In April 2019, the Opposition Division rejected the opposition by considering that – notwithstanding the similarity of the signs – the designated goods under the mark applied for are so different that the mark is unlikely to bring the earlier mark to the mind of the relevant public.
Hugo Boss appealed.
Hugo Boss submitted that, besides the inherent similarity between the signs, the goods in question also share a degree of similarity since the fashion and accessory sectors overlap. For instance, it is not uncommon that certain jewelry stores sell costume jewelry as well as electronic cigarettes.
Furthermore, since ‘BOSS’ is well-known in the EU for the relevant goods, the Applicant’s mark would take unfair advantage of or be detrimental to the reputation of the opponent’s mark. The use of the mark would create a link in the average consumer's mind because of the similarity of the goods and the overlapping concepts of lifestyle and taste.
In response, the Applicant submitted that, not only are the goods dissimilar, but are neither complementary nor in competition with one another. They have completely different methods of use and distribution channels. A consumer searching for e-cigarettes, when faced with a mark with a reputation for clothing and jewellery, will not make the required link necessary to succeed under Article 8(5) EUTMR because the goods are completely different.

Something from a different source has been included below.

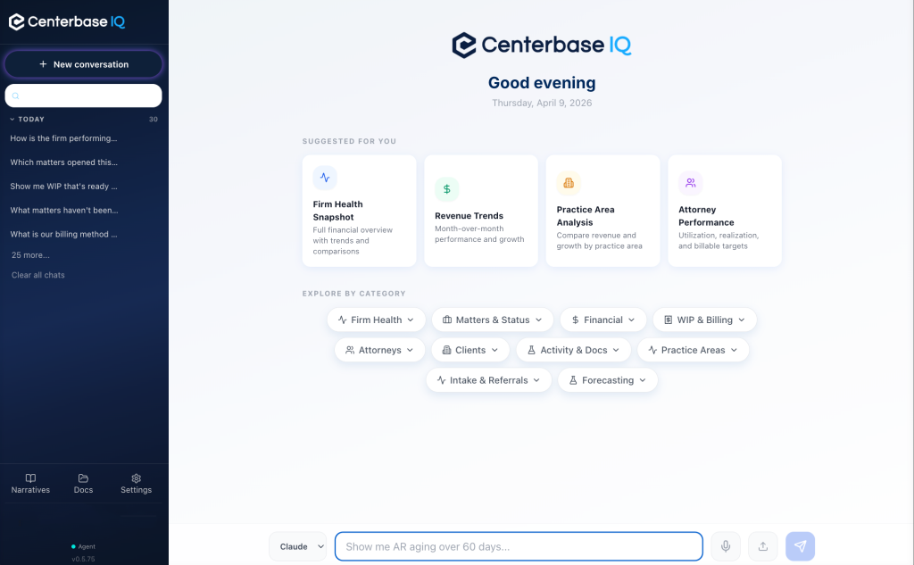 Today, the company is announcing the limited release of Centerbase IQ, an AI-powered natural language chat tool embedded directly within the Centerbase platform that enables managing partners and firm administrators to ask questions about firm performance in plain language and get quick, visual, citation-backed answers drawn from the billing, financial, matter, and productivity data already housed in Centerbase.

Earlier trade marks with a reputation in a Member State enjoy extended protection in accordance with Article 8(5) EUTMR. The Second Board of Appeal started its analysis by considering this provision, which sets out three requirements:
- The signs must be either identical or similar,
- The opponent’s trade mark must have a reputation. The reputation must also be prior to the filing of the contested trade mark; it must exist in the territory concerned and for the goods and/or services on which the opposition is based, and
- Risk of injury: registration of the contested trade mark would take unfair advantage of, or be detrimental to, the distinctive character or repute of the earlier trade mark.

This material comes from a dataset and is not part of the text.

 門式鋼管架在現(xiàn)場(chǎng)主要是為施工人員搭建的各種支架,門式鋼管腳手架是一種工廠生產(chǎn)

Case law (T-67/04, Spa-Finders) has clarified that the requirements above are cumulative.
As far as the relevant public is concerned, this comprises the reasonably well informed consumers which will pay a higher degree of attention on account of the brand loyalty normally involved for tobacco goods (T-34/04, Turkish Power). The Opponent’s goods are directed at the public at large, whose level of attention is deemed to be average. The relevant public is that based across the EU territory.
Comparison of the signs
Following a comparison of the visual, aural, and conceptual similarities between the signs, the Board concluded that the signs are similar overall, at least to an average degree.
Reputation of the earlier mark
Reputation implies a knowledge threshold that is reached only when the earlier mark is known by a significant part of the relevant public for the goods or services it covers. The relevant public is, depending on the goods or services marketed, either the public at large or a more specialised public.

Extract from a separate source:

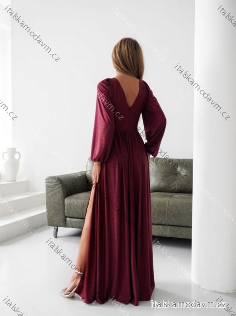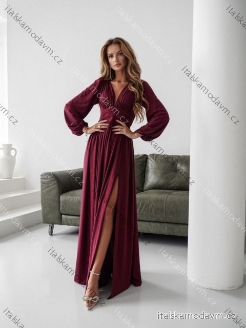 Šaty dlhé elegantné trblietavé dlhý rukáv dámske nadrozmer (34-50) POLSKÁ MÓDA PMLWD24RAMONA5 vínová 44
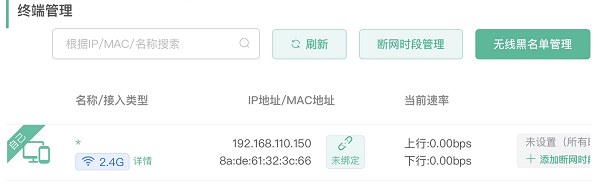 以睿易家用无线路由器为例,在[终端管理]页面可以查看当前连接Wi-Fi的设备信息并拉黑指定设备:

The 'link’ between the signs
In order to determine the existence of a risk of injury, it is necessary to demonstrate that the relevant public will establish a link between the signs. The necessity of a ‘link’ is not explicitly mentioned in Article 8(5) EUTMR but has been established through case law, notably in C-408/01, Adidas and C-252/07, Intel.
On the basis of the evidence submitted by the parties, the Board found that the contested goods have different natures, purposes, methods of use, origins, and distribution channels. Overall, electronic cigarettes are so distant from clothing that it is implausible that the public would be reminded of the earlier mark when purchasing the contested goods.
The same applies to the contested ‘food flavourings’ in Class 30. They are equally dissimilar to the opponent’s clothing. Consumers will not expect that there is any relationship between ‘food flavourings’ producers and the opponent’s company offering clothing.
Where, as in the present case, a link between the conflicting marks used in relation with the relevant goods and services cannot be established, the goodwill of the earlier mark, also in economic terms, is not affected, or at least not protected under Article 8(5) EUTMR.
Unfair advantage of distinctive character or repute of the earlier trade mark
In the absence of a ‘link’, it was considered inconceivable that use of the contested trade mark for those goods and services would take unfair advantage of the distinctive character or repute which the earlier trade mark.
The decision is interesting from a number of perspectives, the principal one being that it sheds light on and provides further guidance in relation to the ‘risk of injury’ criteria. In this sense, it cements the fact that a ‘link’ is a required condition, lacking which Article 8(5) EUTMR cannot apply. As the General Court had established in T-111/16, Prada v EUIPO, a well-known trade mark (as 'PRADA' and 'BOSS' are) enjoys extended protection, but no protection is available when the latter’s sign fails to establish a link with it (as it was for 'THE RICH PRADA' and hotel services in that case, and 'BOSS SHOT' and the goods mentioned above here). In other words: the extended protection of well-known trade marks is not without limits.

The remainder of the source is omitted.